Indians manager Mike Hargrove went to his closer, Michael Jackson, in the top of the ninth. He walked leadoff batter Cameron, who stole second –his third stolen base of the game – and scored on a two-out single by Reese. It was 10-9, Reds, going into the bottom of the ninth. But the Indians were not done.
Graves walked leadoff man Thome on a full count to start the inning and was replaced by rookie Scott Williamson, who was having a brilliant season. The 23-year-old from Oklahoma State University entered the game with a 7-3 record, 11 saves, and a 1.53 ERA in 59 innings. He had been named to the coming All-Star Game in Boston and would go on to win the 1999 NL Rookie of the Year award. He would not close the door this day, however.
Thome was replaced by pinch-runner John McDonald and Kenny Lofton, pinch-hitting for Borders, sacrificed McDonald to second base. Williamson struck out Cruz on three pitches, bringing up shortstop Omar Vizquel.
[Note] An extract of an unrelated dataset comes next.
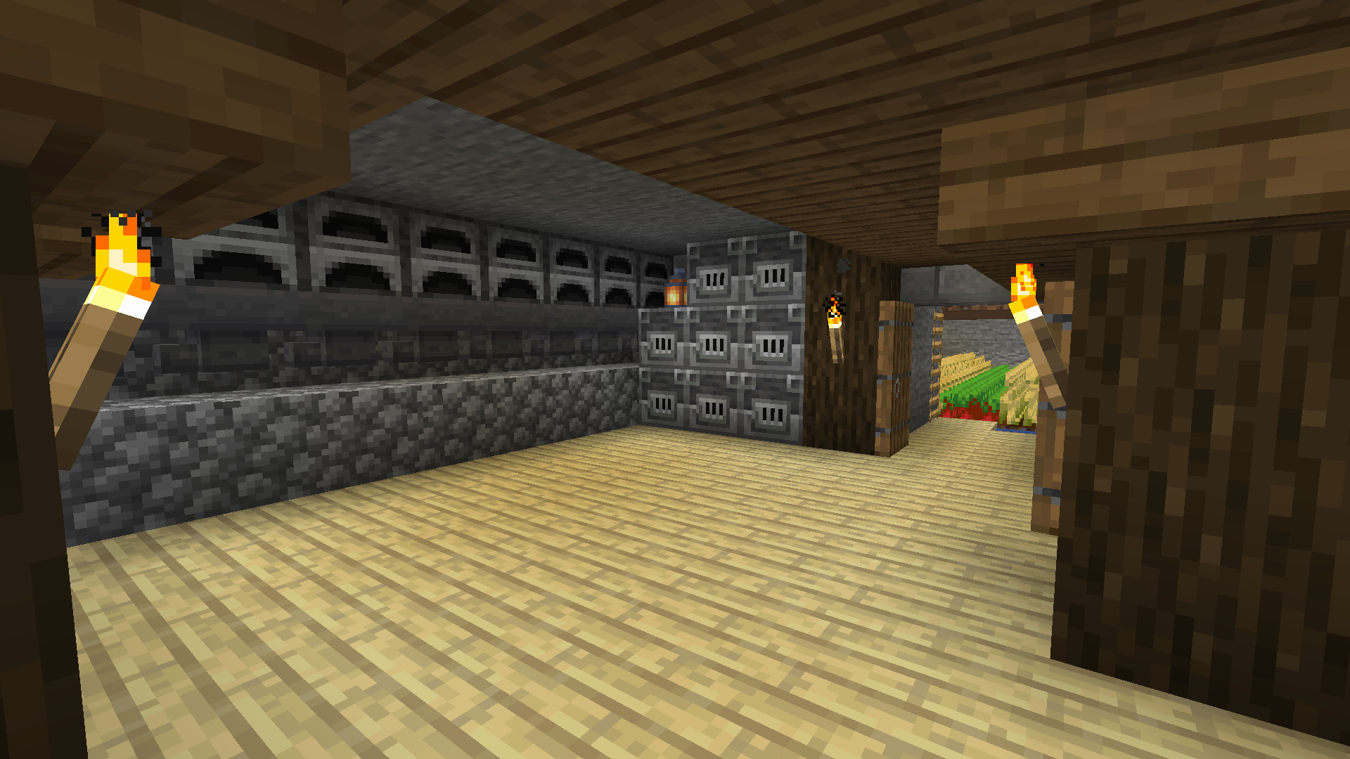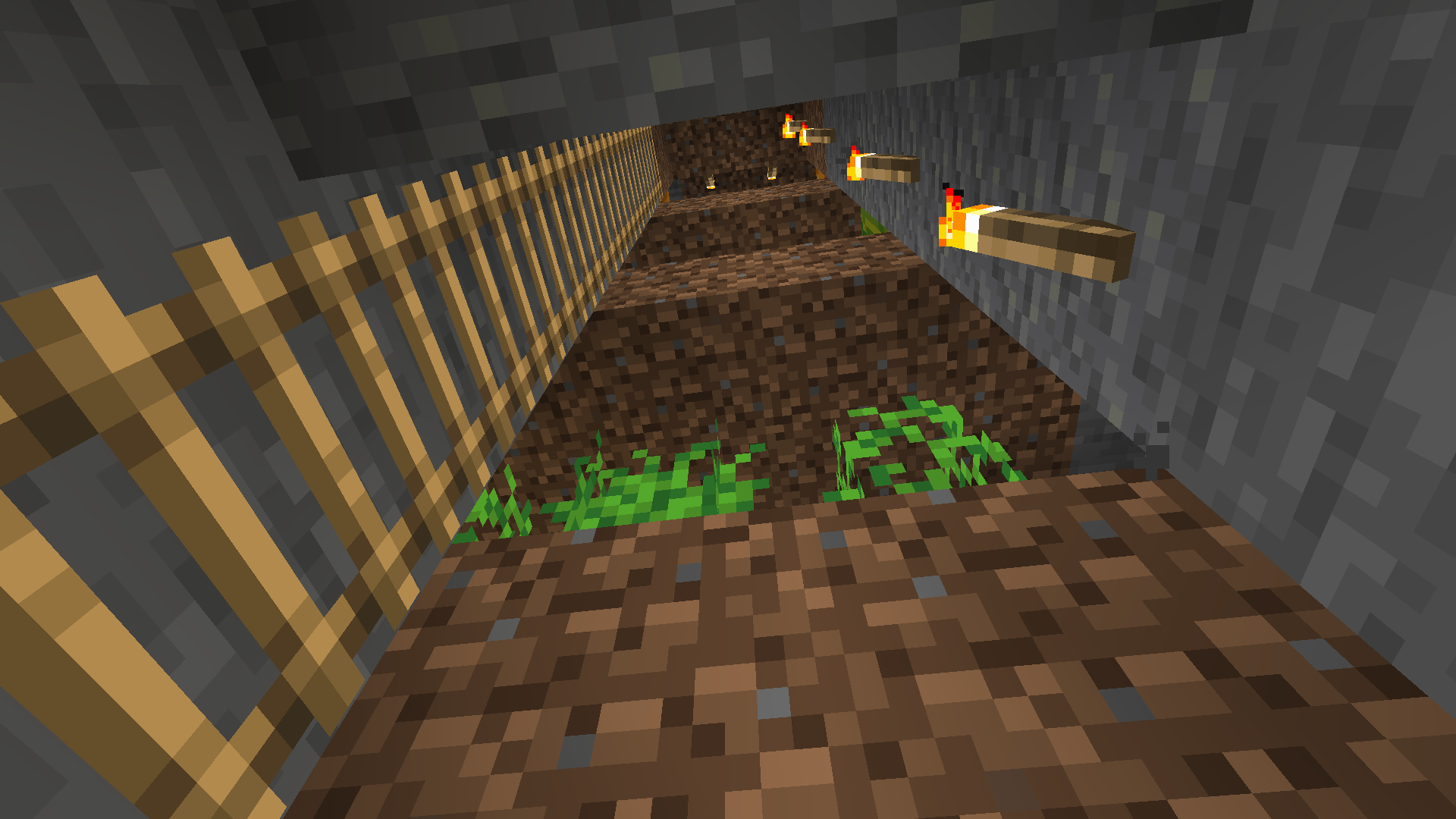 Надо, наверное, сделать подземный этаж амбара, в котором бы было куча тыквенных вот этих растений, чтобы не надо было выносить это всё на улицу. Я бы мог сделать многоуровневую уродливую земляную башню 9x9 блоков в поперечном сечении, где на каждом уровне бы выращивалось бы что-то, но это выглядело бы слишком ужасно, хоть и было бы более-менее эффективно в том числе в плане используемой площади.

The 32-year-old Vizquel, a defensive wizard who had collected Gold Gloves for his play at shortstop the last six seasons and would earn five more in his career, was enjoying his finest offensive season. He entered the day batting .325 and would finish the season with an .833 OPS, the only season of his career that he finished above .800.
On the second pitch of the at-bat, Vizquel popped a fly ball toward the right field corner that Michael Tucker had a bead on.
“Let’s check their bats. I thought it was a popup, a routine popup. I didn’t think a little guy could hit a low-and-away pitch like that,” Williamson said after the game.2 Vizquel almost concurred: “I didn’t hit it that well. But I saw Tucker running back and back. He was playing so shallow. I thought I would have had a good chance for a triple if it hit the wall. So I kept running until someone stopped me.”3
Tucker ran out of room, and the ball sailed just over the fence into the second or third row of the stands for a game-winning two-run home run. It was just Vizquel’s third homer of the season, and it sent the Indians off with an 11-10 victory. The Indians had trailed 3-0 in the second and 9-4 in the fifth, and were down to their last out in the ninth, but the 27th out proved too difficult for Williamson and the Reds.
The Indians continued to put up gaudy offensive numbers in 1999, scoring 1,009 runs4 and winning 97 games en route to their fifth straight division title which they took by 21½ games over the second-place White Sox. Manny Ramirez hit 44 home runs and led the American League with 165 RBIs, setting a franchise record in the process. But the Indians fell to the Boston Red Sox in the American League Division Series, spelling the end of Hargrove’s nine-year run as Indians manager.
Candiotti would next start on July 23 at Yankee Stadium, allowing five runs before yielding in the second inning. It was the 410th and last start of his 16-year career.
The Reds’ own playoff hunt came up short in 1999; they finished 96-67 but trailed the Houston Astros by 1½ games in the National League Central Division.
The summer of 1999 bridged my freshman and sophomore years at Case Western Reserve University, and I took the opportunity to get paid to watch as much baseball as I could handle. I ushered nearly every game that season, taking the Red Line to the ballpark, and watched the ninth inning of this game kneeling just behind the Indians’ dugout on the third-base side. Tucker came so close to catching the ball that we all held our breath for a beat until it was apparent the ball had gone just over the wall. Then, pandemonium.
1 Chris Haft and John Fay, “Reds Report,” Cincinnati Enquirer, July 11, 1999: D5.
2 Sheldon Ocker, “Vizquel Vanquishes Reds,” Akron Beacon Journal, July 11, 1999: D1.
3 John Fay, “Small Vizquel Proves to Be Big-Time Player,” Cincinnati Enquirer, July 11, 1999: D5.
4 Only seven teams since 1901 have scored 1,000 runs and as of 2020 the 1999 Indians remain the only team since the 1950 Boston Red Sox to have done so.